Required action: Each line of the data below between the one containing "VISION-GEN SH SHO A12037 FOURTH DAM" and the one containing "In der Bucht von Chania", both included, is to be repeated exactly. Please omit pictures.

Dataset entries:
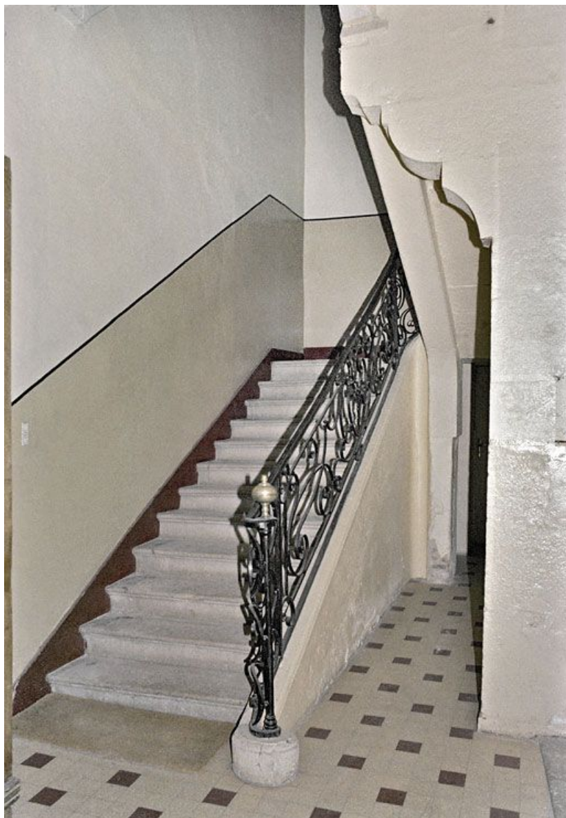
Immeuble en retrait sur la rue, avant travaux : 1ère volée de l'escalier tournant à retours. 21, Saint-Jean-de-Losne place d' Armes
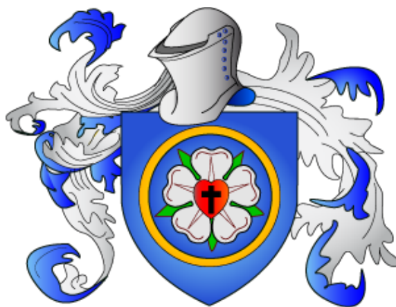
Fig. 4. Extrait de la p. 38 et de la Pl. 50 de Siebmacher (1857), avec blasonnement des armoiries (voir aussi Rietstap, 1887). Armoiries et blason (écu) du réformateur Martin Luther (original) - voir Fig. 3 et explications sur le Tableau 1.

Ces armoiries du réformateur sont représentées par Siebmacher (1857) et décrites par Rietstap (1887) (Fig. 3, 4) ; elles blasonnent : d'azur un cercle d'or contenant une rose d'argent, en son centre un cœur de gueules couvert d'une croix de sable. Casque Stechhelm (de la bourgeoisie) et lambrequins d'azur et d'argent.
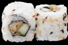
43 Nems spicy (nems & concombre) Nems spicy (nems & cucumber) (1, 3, 6, 10, 11) 5,80 €
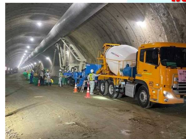
インバート打設状況
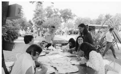
Festival Cabelos Brancos - Ìlhavo
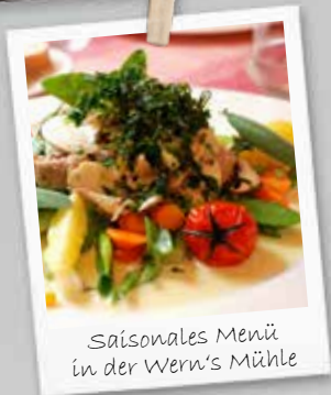
Saisonales Menü in der Wern's Mühle
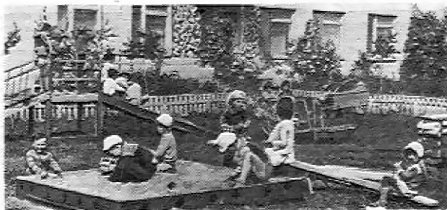
На предприятии проявляется большая забота о детях рабочих. На фото — детский садик «Белочка» на 140 мест.

СССР, ВЦСПС и ЦК ВЛКСМ. Тринадцать кварталов коллектив выходит победителем социалистического соревнования среди предприятий Минмаша СССР. Большие задачи стоят перед коллективом по претворению в жизнь решений XXVI съезда КПСС, Продовольственной программы страны. С целью наращивания мощностей по производству машин для животноводства, решением правительства с 1982 года предусматривается расширение предприятия. Уже начато первую очередь реконструкции завода, сметная стоимость которой более 55 млн. рублей. По существу это будет второе рождение завода. Объем производства продукции для сельского хозяйства возрастет до 67 млн. рублей в год. На предприятии сделано много для повышения культуры производства, улучшения жилищных и бытовых условий, организации культурного отдыха рабочих.
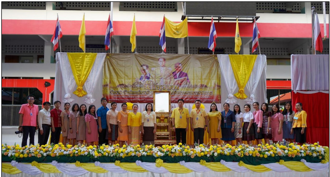
รูปที่ ๑๑ เข้าร่วมกิจกรรมวันพ่อแห่งชาติและวันคล้ายวันพระบรมราชสมภพ "ร.๙" วันที่ ๔ ธันวาคม ๒๕๖๓ ณ ลานกีฬาอเนกประสงค์ โรงเรียนธัญบุรี
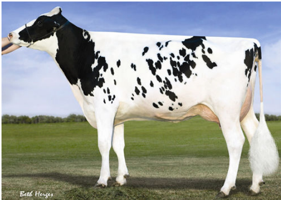
VISION-GEN SH SHO A12037 FOURTH DAM
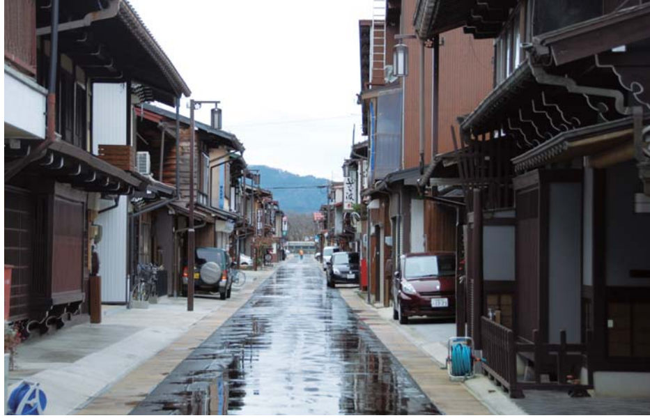
落ち着いた佇まいの町並みが残る武家町の町並み。
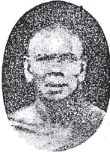
សម្តេចព្រះសុធិរាជិបតី បញ្ញាសីលោ “ប៉ាន” Samdach Prah Sudhammadhipadey “ Pan ”

CHIEF OF DHAMMAYUTHI ORDER, from origin to present time
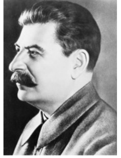
18 டிசம்பர் 1878 - 5 மார்ச் 1953

(மூலதனம் தொகுதி 3, பகுதி 3, அத்தியாயம் 5)
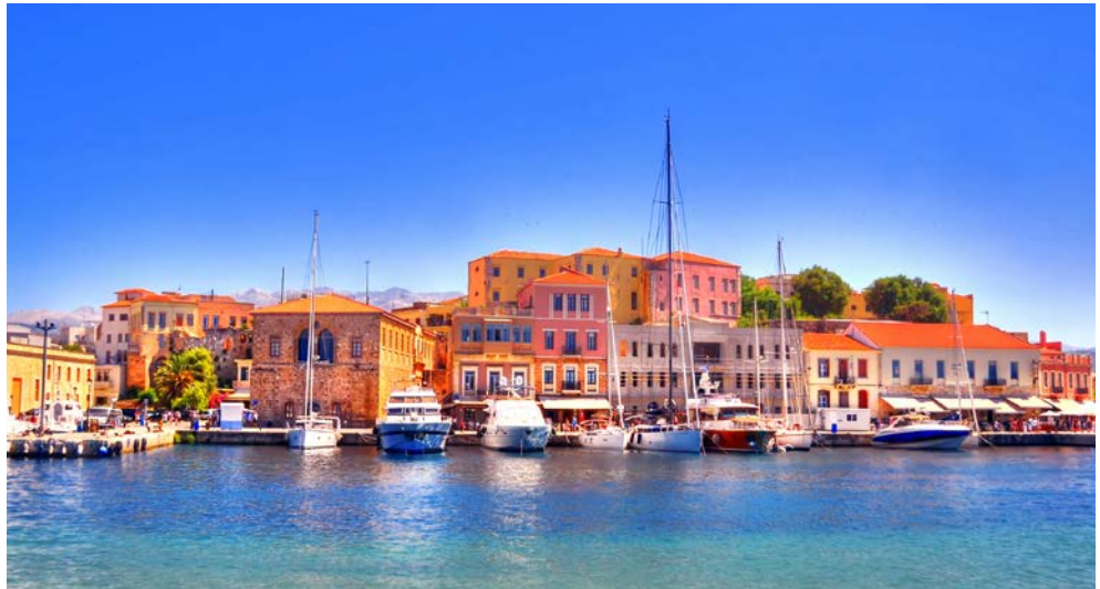
In der Bucht von Chania

so intensiv blau leuchtet das Meer rund um Kreta, dass sich das Herz des Besuchers vor Sehnsucht zusammenzieht. Auf der größten griechischen Insel ist viel Platz für kilometerlange Sandstrände an der Nordküste und für malerische Buchten zwischen steilen Klippen im Süden. Dazwischen erheben sich über 2.000 m hohe Berge mit wildromantischen Schluchten und fruchtbarem Hügelland. In dieser großzügigen Natur entwickelte sich vor 4.000 Jahren die erste europäische Hochkultur: Das minoische Reich beeindruckt selbst als Ruine wie dem monumentalen Palast von Knossos. Entsprechend stolz ist der Kreter auf seine Vorfahren und auf seine Heimat, deren Schönheiten er gerne den Besuchern zeigt. Eine der landschaftlich schönsten Inseln im Mittelmeer erwartet Sie!
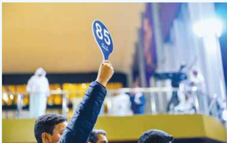
○ جانب من مزاد سابق.
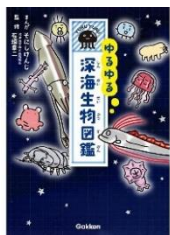
ゆるゆる深海生物図鑑:本編 そにしけんじ / 石垣幸二(監修) Gakken
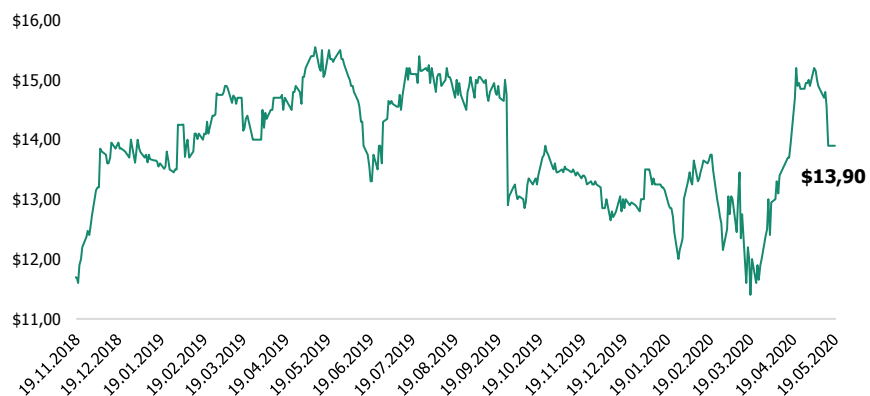
Динамика цен акций в USD

Written solution:
VISION-GEN SH SHO A12037 FOURTH DAM
落ち着いた佇まいの町並みが残る武家町の町並み。
សម្តេចព្រះសុធិរាជិបតី បញ្ញាសីលោ “ប៉ាន” Samdach Prah Sudhammadhipadey “ Pan ”

CHIEF OF DHAMMAYUTHI ORDER, from origin to present time
18 டிசம்பர் 1878 - 5 மார்ச் 1953

(மூலதனம் தொகுதி 3, பகுதி 3, அத்தியாயம் 5)
In der Bucht von Chania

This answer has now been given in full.